GIVEN ENTRIES Start Marker
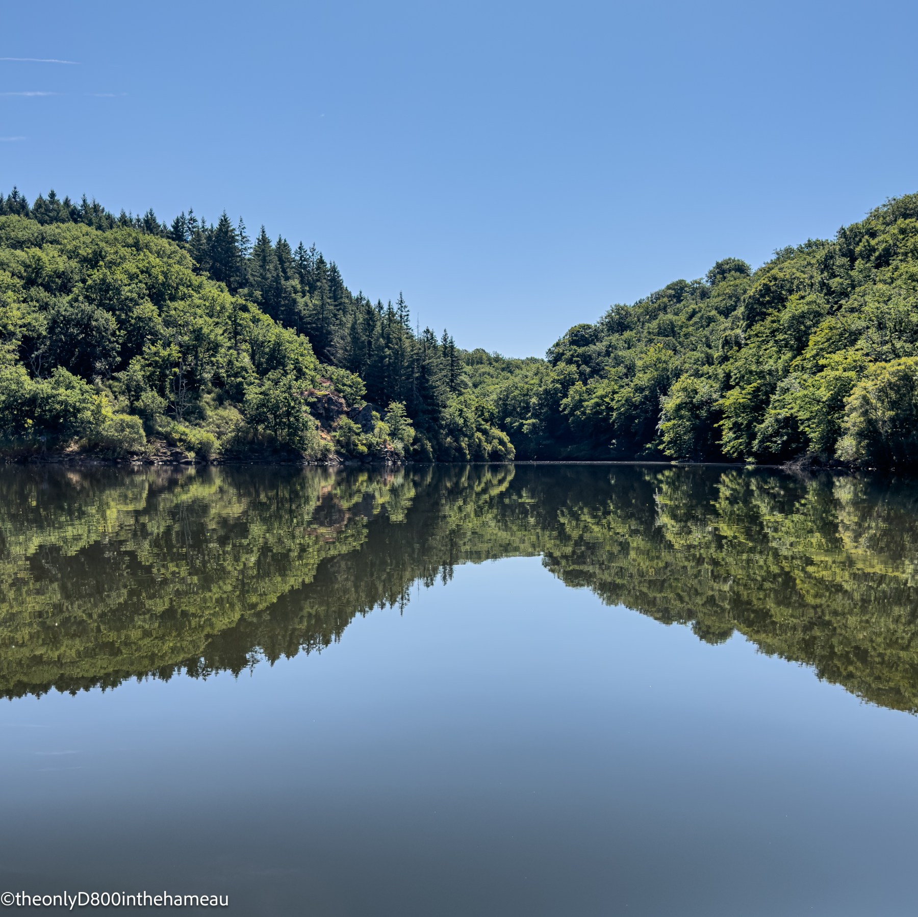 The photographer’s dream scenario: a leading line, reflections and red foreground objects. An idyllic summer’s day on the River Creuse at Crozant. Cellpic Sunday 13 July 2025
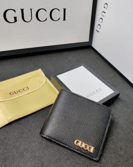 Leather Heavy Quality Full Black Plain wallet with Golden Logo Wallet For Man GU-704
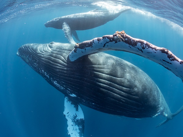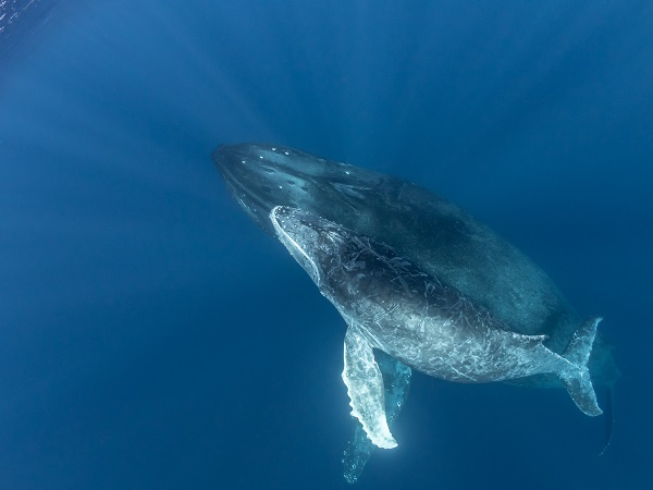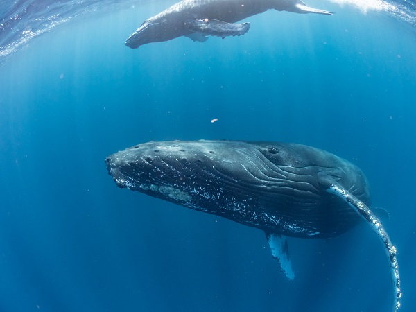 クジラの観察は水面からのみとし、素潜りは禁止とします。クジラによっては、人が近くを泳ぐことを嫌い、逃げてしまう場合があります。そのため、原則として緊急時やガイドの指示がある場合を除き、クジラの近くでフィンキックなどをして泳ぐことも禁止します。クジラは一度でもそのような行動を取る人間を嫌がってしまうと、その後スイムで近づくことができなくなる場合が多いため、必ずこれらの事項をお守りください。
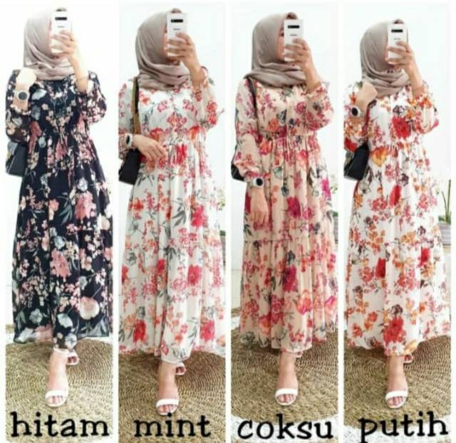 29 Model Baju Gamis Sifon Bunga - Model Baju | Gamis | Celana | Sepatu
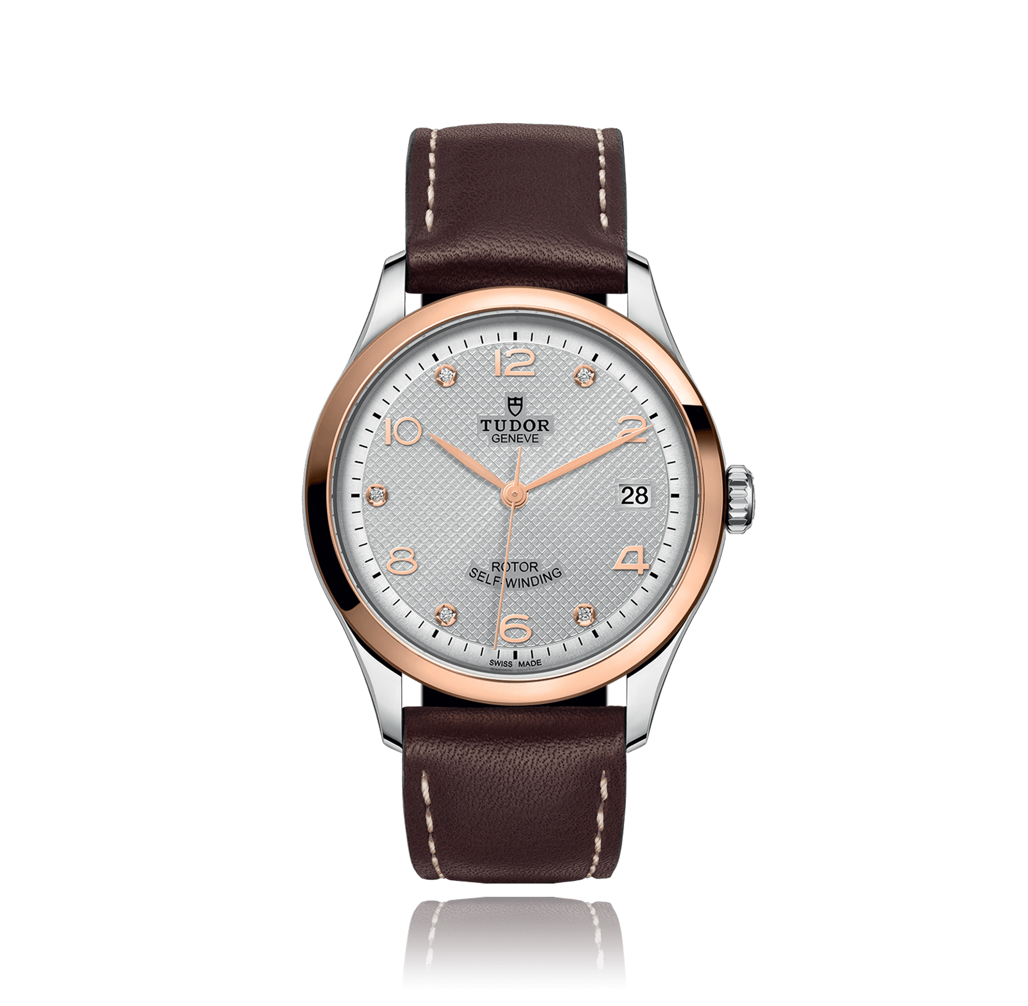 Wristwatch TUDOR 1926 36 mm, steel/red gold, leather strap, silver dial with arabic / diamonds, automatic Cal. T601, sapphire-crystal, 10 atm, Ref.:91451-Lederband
GIVEN ENTRIES End Marker
◆ REQUIRED ACTION:
Output every record above verbatim, excluding images.

◆ RESULT OF THIS EXERCISE:
 The photographer’s dream scenario: a leading line, reflections and red foreground objects. An idyllic summer’s day on the River Creuse at Crozant. Cellpic Sunday 13 July 2025
 Leather Heavy Quality Full Black Plain wallet with Golden Logo Wallet For Man GU-704
 クジラの観察は水面からのみとし、素潜りは禁止とします。クジラによっては、人が近くを泳ぐことを嫌い、逃げてしまう場合があります。そのため、原則として緊急時やガイドの指示がある場合を除き、クジラの近くでフィンキックなどをして泳ぐことも禁止します。クジラは一度でもそのような行動を取る人間を嫌がってしまうと、その後スイムで近づくことができなくなる場合が多いため、必ずこれらの事項をお守りください。
 29 Model Baju Gamis Sifon Bunga - Model Baju | Gamis | Celana | Sepatu
 Wristwatch TUDOR 1926 36 mm, steel/red gold, leather strap, silver dial with arabic / diamonds, automatic Cal. T601, sapphire-crystal, 10 atm, Ref.:91451-Lederband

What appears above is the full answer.